На миниатюре был изображен тот же человек, что и на портрете, только в черном мундире военного инженера, с серебряным аксельбантом, какие носили лет десять назад, в 1830 году.
В ящике Лугин нашел и надорванную казенную подорожную в Вятку, на полковника Павла Горовецкого.
Лугин сидел у секретера, разглаживая грубую синюю бумагу подорожной. Он думал, что Горовецкий, как и он, проигрывал старику жизнь ради сияющего видения и, вероятно, погиб, как теперь погибнуть ему.
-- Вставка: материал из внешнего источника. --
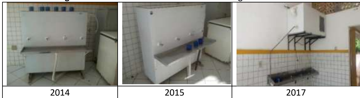
Figura 13: Bebedouro da Escola Estadual Margarida de Freitas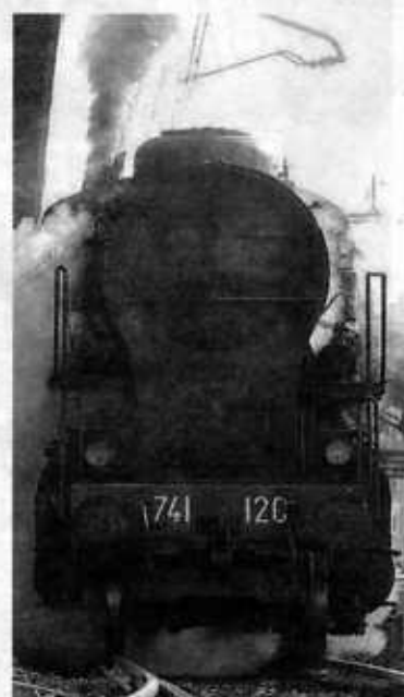
TRENO A VAPORE Viaggio il 29 da Pistoia a Pracchia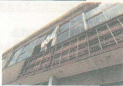
<経年劣化したラスモルタルによる外壁（湿式外壁）の落下（体育館）>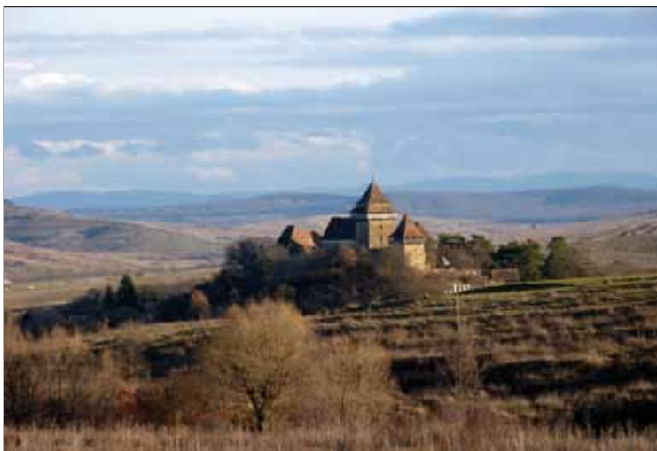
Kirchenburg von Viscri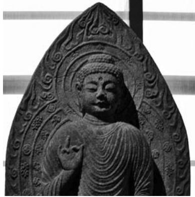
도 14. 감산사 석조 아미타불상 세부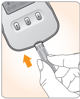
1 Aseta testiliuska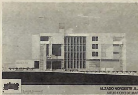
Elevación del anteproyecto "Viejo Lobo de Mar", para el Edificio de la Rosario Dominicana.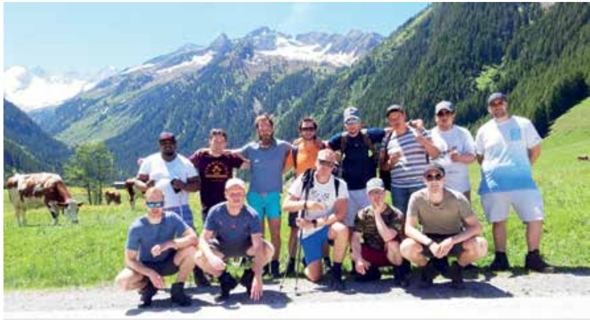
De groep heeft afgezien, grenzen verlegd en vooral ontzettend genoten in de Alpen.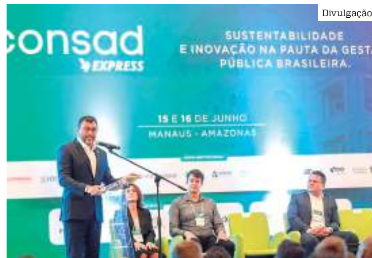
Wilson Lima anuncia processo eletrônico de documentos na gestão dele

Ainda de acordo com o governador, o Estado continua investindo na modernização da gestão para torná-lo mais eficiente na oferta dos serviços públicos, integrando os órgãos estaduais na governança de transformação digital do Executivo estadual.

— Нет, нет, — вскрикнул Лугин.
Он набрал в горсть мелкого серебра, встал и пошел в прихожую.
С ужасной торопливостью обвязал он шею гарусным шарфом и накинул шубу.
Под воротами сумрачный дворник посмотрел на него в окно.
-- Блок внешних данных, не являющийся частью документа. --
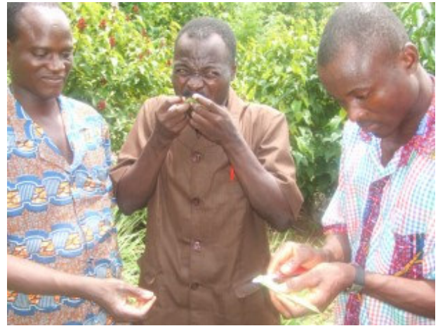
Seminarteilnehmer beim Kosten von Aloe während des Besuchs im Garten

Das Programm der beiden Seminar-Tage beinhaltete die Herstellung einer Salbe, das Bauen einer Waage, die Diskussion über das Moringa-Video und der Besuch in Gbatis Medizinischem Garten. Wie immer, säten wir Artemisia Samen aus und sprachen über die Verwendung der Pflanze.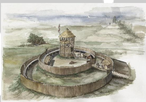
Figure 1 : Motte féodale, Plougras (Bretagne)

régions frontalières très exposées. La violence ambiante incite tous ceux qui en ont les moyens à fortifier leur château. Le choix du matériau ne dépendant que des moyens du commanditaire, les châteaux en pierre coexistent avec les châteaux en bois. Les fortifications en pierre, encore rare au x e siècle, correspond souvent à une construction romaine plus ou moins modifiée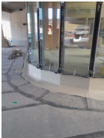
Triflex_Terrasse Mietshaus Aschau_04.jpg

Das Ergebnis überzeugt Bauleiter, Verarbeiter und Bauherr. Die naht- und fugenlose Fläche sichert die Terrasse nachhaltig ab.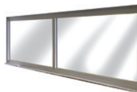
Châssis affleurant 1 face GR1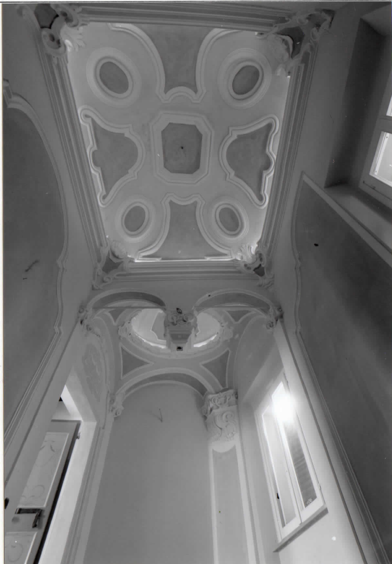
VANO SCALA - PARTICOLARE DEL SOFFITTO

ALLEGATO N. 2 SBAA RA 122794/93 (FO) BERTINORO, CASA PAGNONI, VIA MAZZINI 11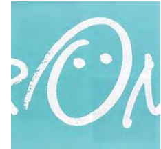
Essen und Trinken

— Послушай, братец, — смущенно и хитро сказал Лугин. — Ты еще подумаешь, чего доброго, что барин-де спятил…
Лугин притворно рассмеялся:
— Я крикнул на тебя так, — ради шутки… На вот, возьми…
Дворник молча принял деньги и прикрыл окно.
От снега была светло-серебряной улица. Над лошадьми и прохожими курился пар. Полозья со звоном раскатывались в блистающих, как бы отполированных колеях.
Прошло трое солдат в киверах, подернутых инеем, с заиневшими орлами. Им обдавало красные, веселые лица морозным дыханием.
Иногда падали легкие звездинки снега. От снега светлая улица блистала так, точно была уставлена огромно-звонкими зеркалами.
Запах снега и морозная бодрость освежили Лугина. Прохожие оглядывались на него с удивлением.
Молодой ванька, с таким же багряным, веселым лицом, как у солдат, с отмороженными синими пятаками в придачу на щеках, хлопал, согреваясь, сыромятными рукавицами, со всей силы оплетая себя вокруг тела руками.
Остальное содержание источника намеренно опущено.